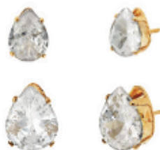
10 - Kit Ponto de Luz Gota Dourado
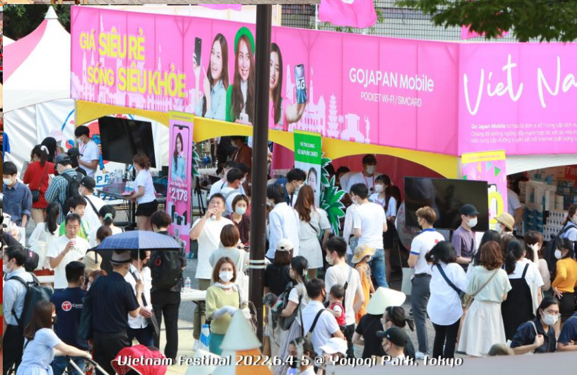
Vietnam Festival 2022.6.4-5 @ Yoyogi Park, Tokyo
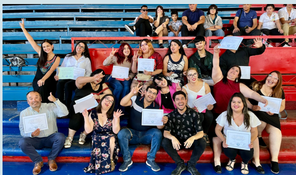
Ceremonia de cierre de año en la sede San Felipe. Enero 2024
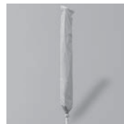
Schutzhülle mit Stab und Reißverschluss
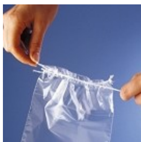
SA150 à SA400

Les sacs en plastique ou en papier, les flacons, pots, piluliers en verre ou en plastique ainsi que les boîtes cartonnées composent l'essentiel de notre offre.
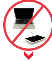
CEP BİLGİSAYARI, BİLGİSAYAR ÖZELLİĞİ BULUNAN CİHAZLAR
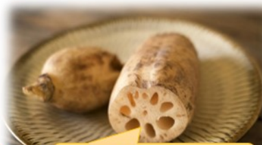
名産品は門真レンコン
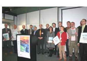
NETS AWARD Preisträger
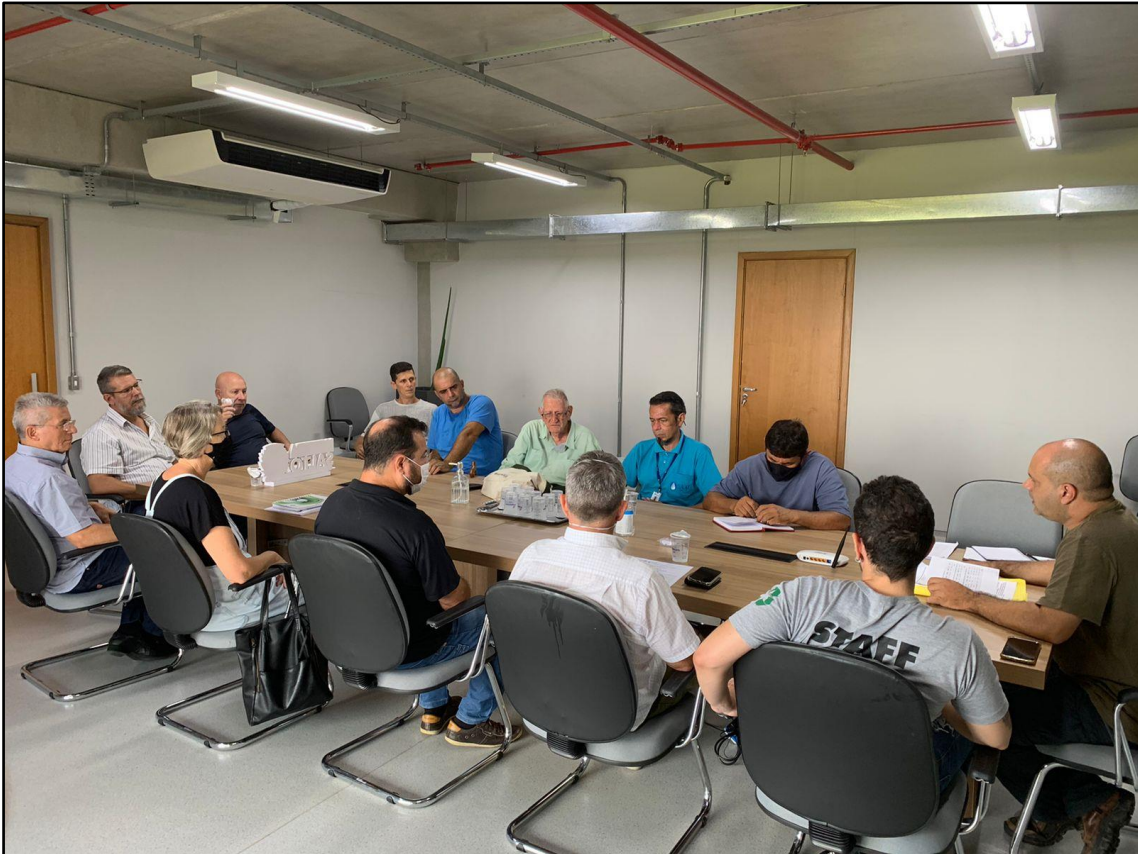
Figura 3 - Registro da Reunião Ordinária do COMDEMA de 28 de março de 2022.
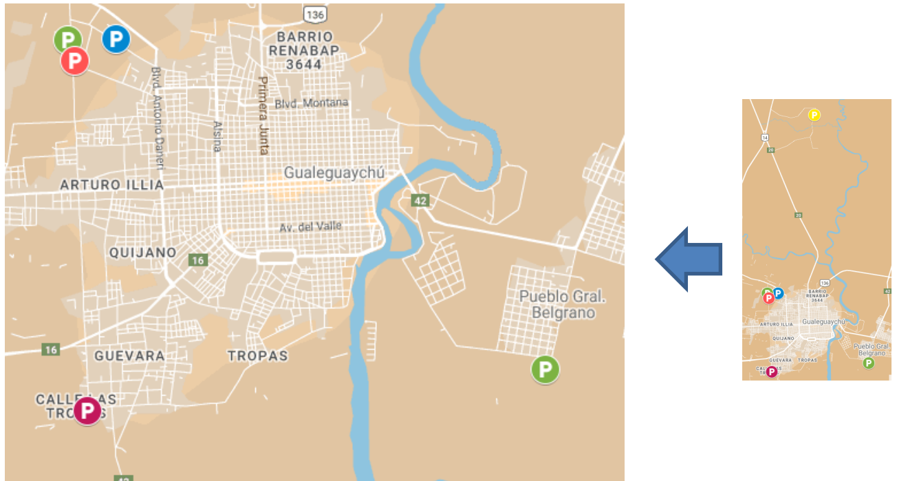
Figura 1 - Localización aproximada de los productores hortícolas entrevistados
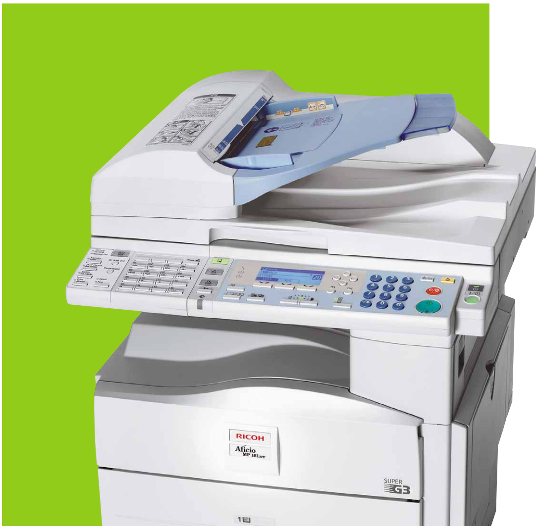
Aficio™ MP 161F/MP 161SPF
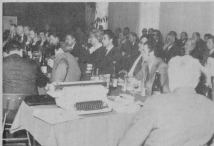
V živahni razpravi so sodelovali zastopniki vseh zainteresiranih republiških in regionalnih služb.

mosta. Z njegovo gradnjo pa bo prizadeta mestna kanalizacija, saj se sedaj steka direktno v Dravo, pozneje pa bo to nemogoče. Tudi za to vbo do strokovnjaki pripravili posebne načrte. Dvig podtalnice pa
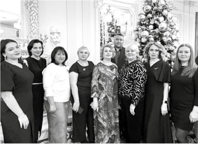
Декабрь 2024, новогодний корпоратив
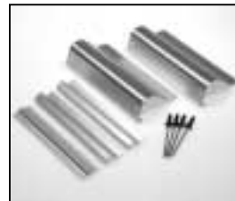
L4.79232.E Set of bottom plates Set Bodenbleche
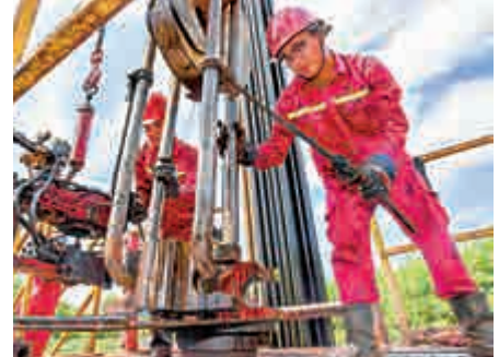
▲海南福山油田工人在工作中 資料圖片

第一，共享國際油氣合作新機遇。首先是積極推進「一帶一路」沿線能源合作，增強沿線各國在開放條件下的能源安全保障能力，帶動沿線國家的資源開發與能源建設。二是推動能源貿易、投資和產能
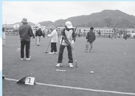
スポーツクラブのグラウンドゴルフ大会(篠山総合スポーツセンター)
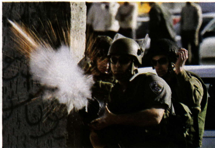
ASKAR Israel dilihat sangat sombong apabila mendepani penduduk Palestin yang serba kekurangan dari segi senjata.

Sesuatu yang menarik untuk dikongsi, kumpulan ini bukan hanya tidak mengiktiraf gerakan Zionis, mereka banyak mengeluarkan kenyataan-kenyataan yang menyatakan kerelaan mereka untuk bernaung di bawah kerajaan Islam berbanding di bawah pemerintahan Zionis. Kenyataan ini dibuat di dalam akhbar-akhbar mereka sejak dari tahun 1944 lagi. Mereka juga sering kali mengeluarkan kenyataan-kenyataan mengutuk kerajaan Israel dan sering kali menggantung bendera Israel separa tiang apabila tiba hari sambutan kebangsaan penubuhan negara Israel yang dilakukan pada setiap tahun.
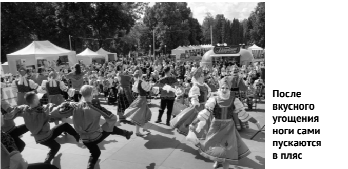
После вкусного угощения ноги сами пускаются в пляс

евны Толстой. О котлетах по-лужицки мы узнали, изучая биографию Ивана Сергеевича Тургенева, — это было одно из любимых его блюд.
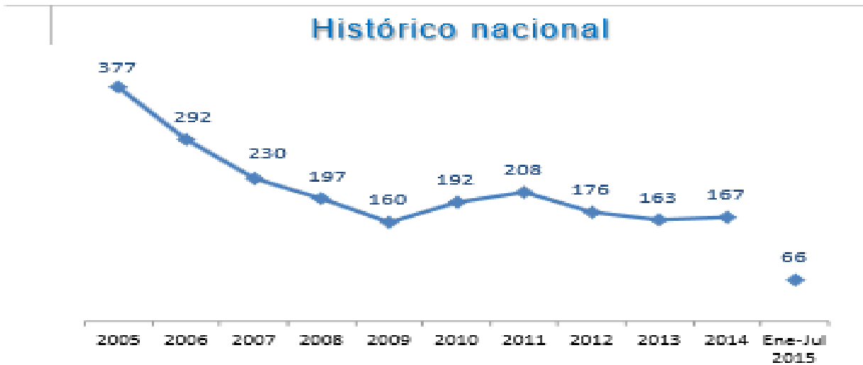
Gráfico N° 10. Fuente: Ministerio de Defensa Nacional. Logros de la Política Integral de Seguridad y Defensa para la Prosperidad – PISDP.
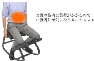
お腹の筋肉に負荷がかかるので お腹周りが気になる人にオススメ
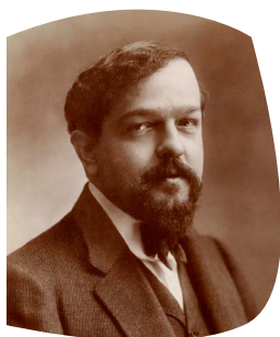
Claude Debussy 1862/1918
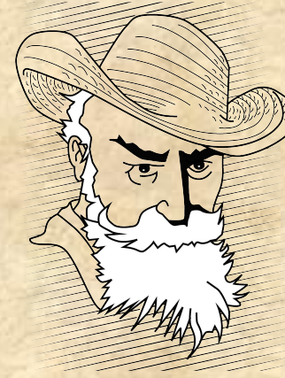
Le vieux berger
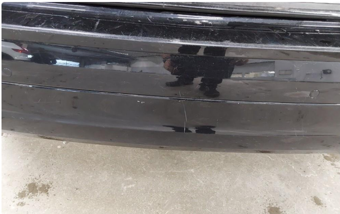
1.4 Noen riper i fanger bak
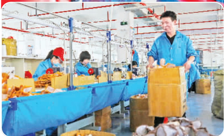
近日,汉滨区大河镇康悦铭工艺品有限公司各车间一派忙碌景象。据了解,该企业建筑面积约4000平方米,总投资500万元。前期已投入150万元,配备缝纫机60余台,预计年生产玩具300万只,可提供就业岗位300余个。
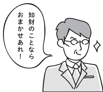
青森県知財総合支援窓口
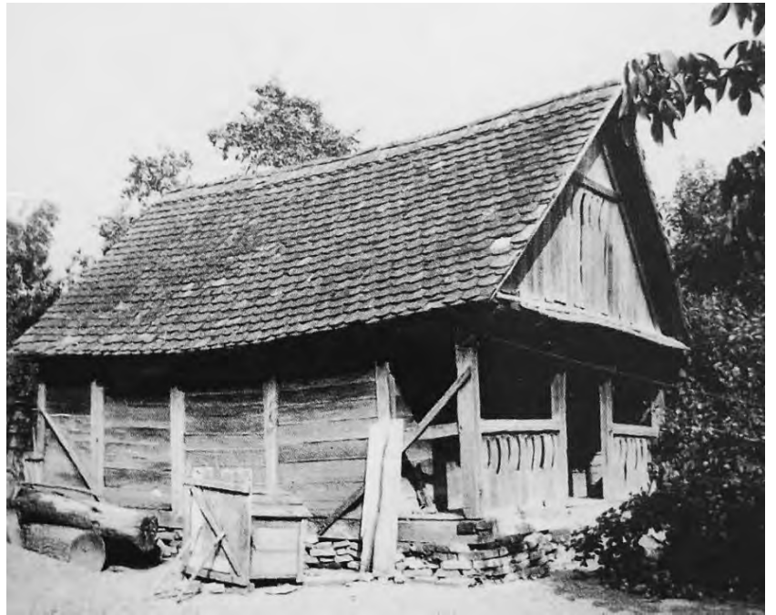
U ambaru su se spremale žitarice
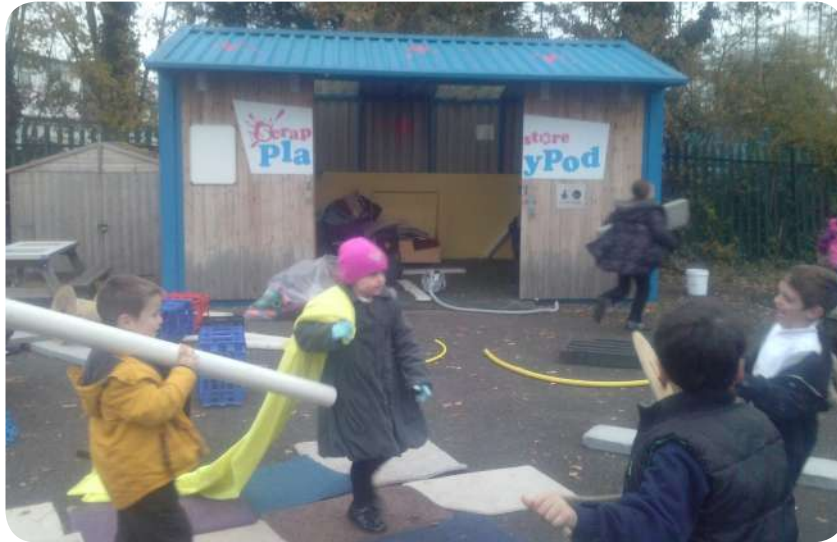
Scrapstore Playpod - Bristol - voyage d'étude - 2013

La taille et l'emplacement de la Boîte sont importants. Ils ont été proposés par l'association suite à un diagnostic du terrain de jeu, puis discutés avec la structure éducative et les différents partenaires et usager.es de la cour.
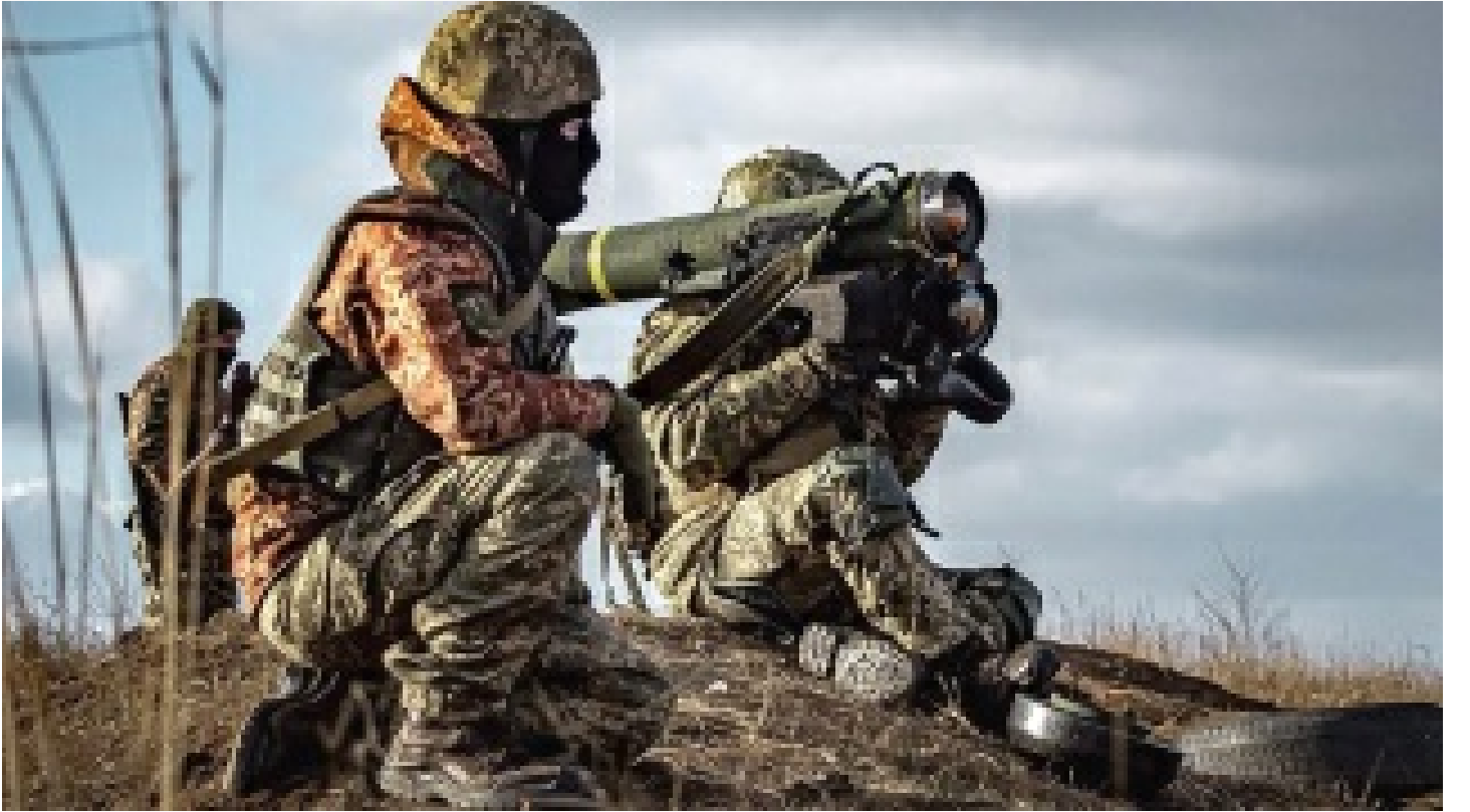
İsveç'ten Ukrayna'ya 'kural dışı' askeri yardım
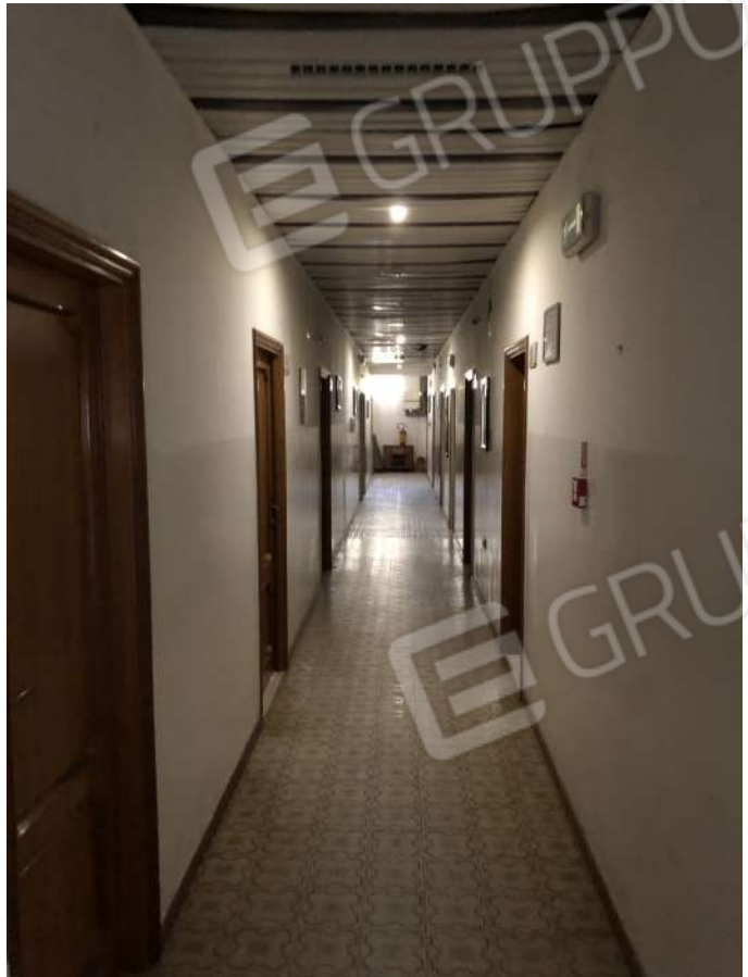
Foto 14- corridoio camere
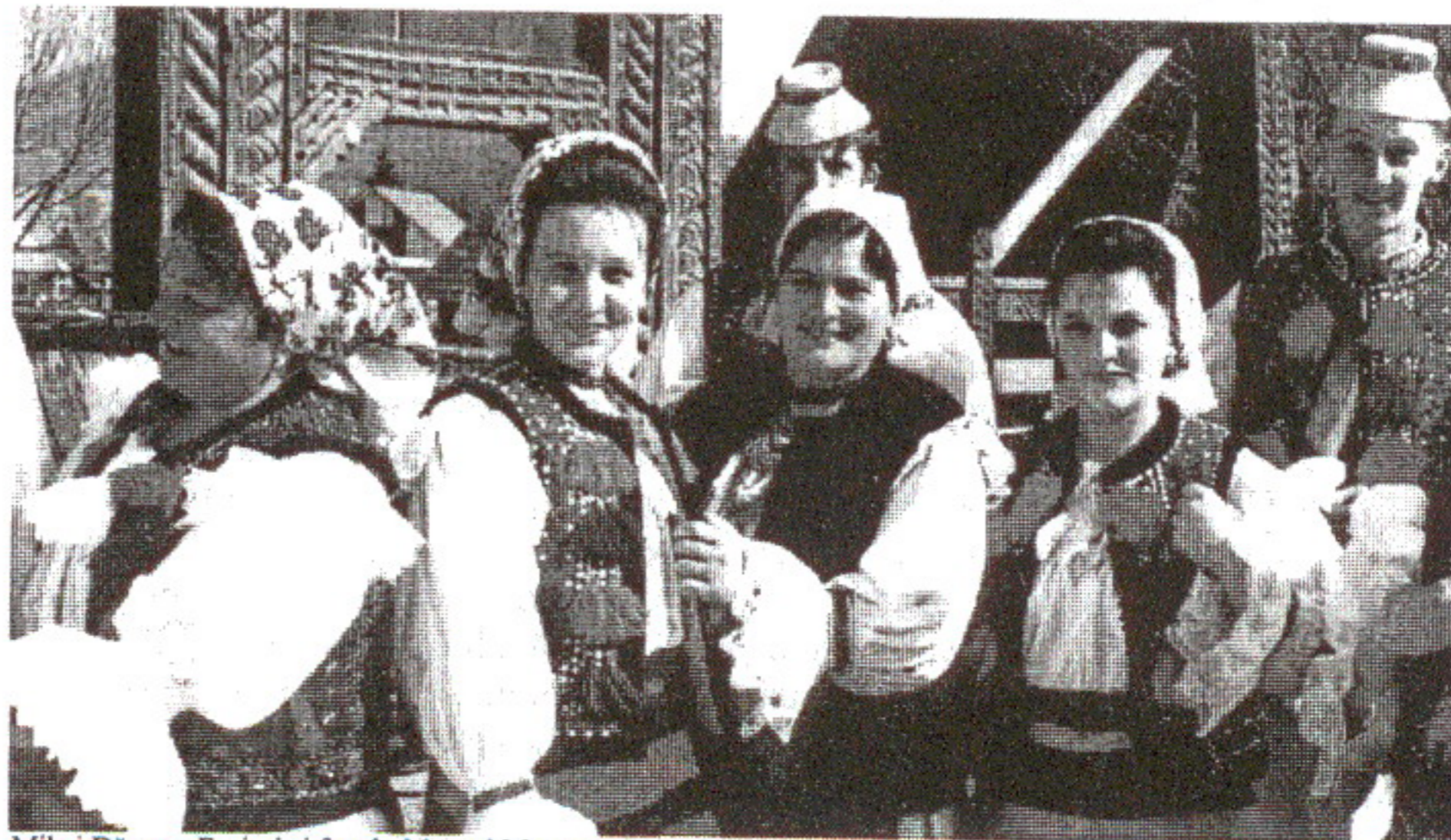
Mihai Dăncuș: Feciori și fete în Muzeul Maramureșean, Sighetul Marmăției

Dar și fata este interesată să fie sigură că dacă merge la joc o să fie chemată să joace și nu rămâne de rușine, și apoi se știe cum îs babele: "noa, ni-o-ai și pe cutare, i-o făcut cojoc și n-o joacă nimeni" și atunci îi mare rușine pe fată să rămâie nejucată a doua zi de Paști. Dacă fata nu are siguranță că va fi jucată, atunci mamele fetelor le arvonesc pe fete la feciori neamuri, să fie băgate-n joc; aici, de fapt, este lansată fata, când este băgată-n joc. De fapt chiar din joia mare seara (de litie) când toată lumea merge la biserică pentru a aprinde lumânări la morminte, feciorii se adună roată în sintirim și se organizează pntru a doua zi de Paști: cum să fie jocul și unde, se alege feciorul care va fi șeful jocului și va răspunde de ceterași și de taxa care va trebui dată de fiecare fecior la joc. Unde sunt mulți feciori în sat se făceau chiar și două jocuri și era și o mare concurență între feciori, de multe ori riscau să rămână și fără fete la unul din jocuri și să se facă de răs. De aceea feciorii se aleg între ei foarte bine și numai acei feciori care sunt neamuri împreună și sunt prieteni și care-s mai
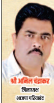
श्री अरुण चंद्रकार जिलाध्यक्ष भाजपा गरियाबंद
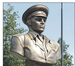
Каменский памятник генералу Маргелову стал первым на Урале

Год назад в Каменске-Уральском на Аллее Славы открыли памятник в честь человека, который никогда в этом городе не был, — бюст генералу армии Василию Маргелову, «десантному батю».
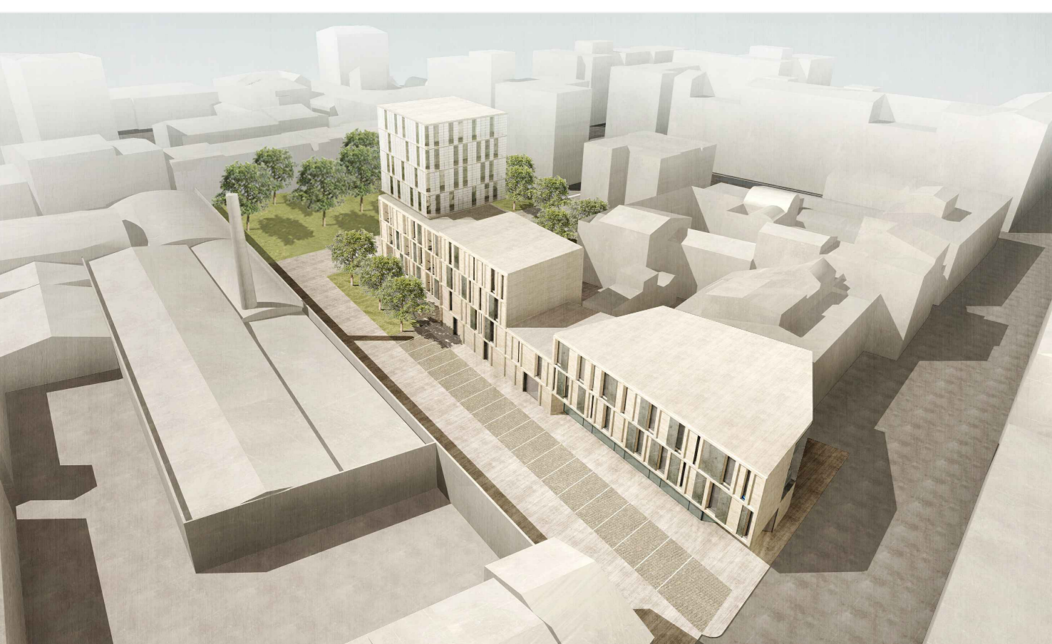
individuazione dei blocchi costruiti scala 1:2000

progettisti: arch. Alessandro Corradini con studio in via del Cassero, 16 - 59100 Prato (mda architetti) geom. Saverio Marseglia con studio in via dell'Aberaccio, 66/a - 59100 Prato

···

→ Activity
Please output, exactly as written, the lines above from the one holding "Figura 3 - Registro" through the one holding "V živahni razpravi", both included, with the pictures omitted.

→ Output below
Figura 3 - Registro da Reunião Ordinária do COMDEMA de 28 de março de 2022.
Figura 1 - Localización aproximada de los productores hortícolas entrevistados
Aficio™ MP 161F/MP 161SPF
V živahni razpravi so sodelovali zastopniki vseh zainteresiranih republiških in regionalnih služb.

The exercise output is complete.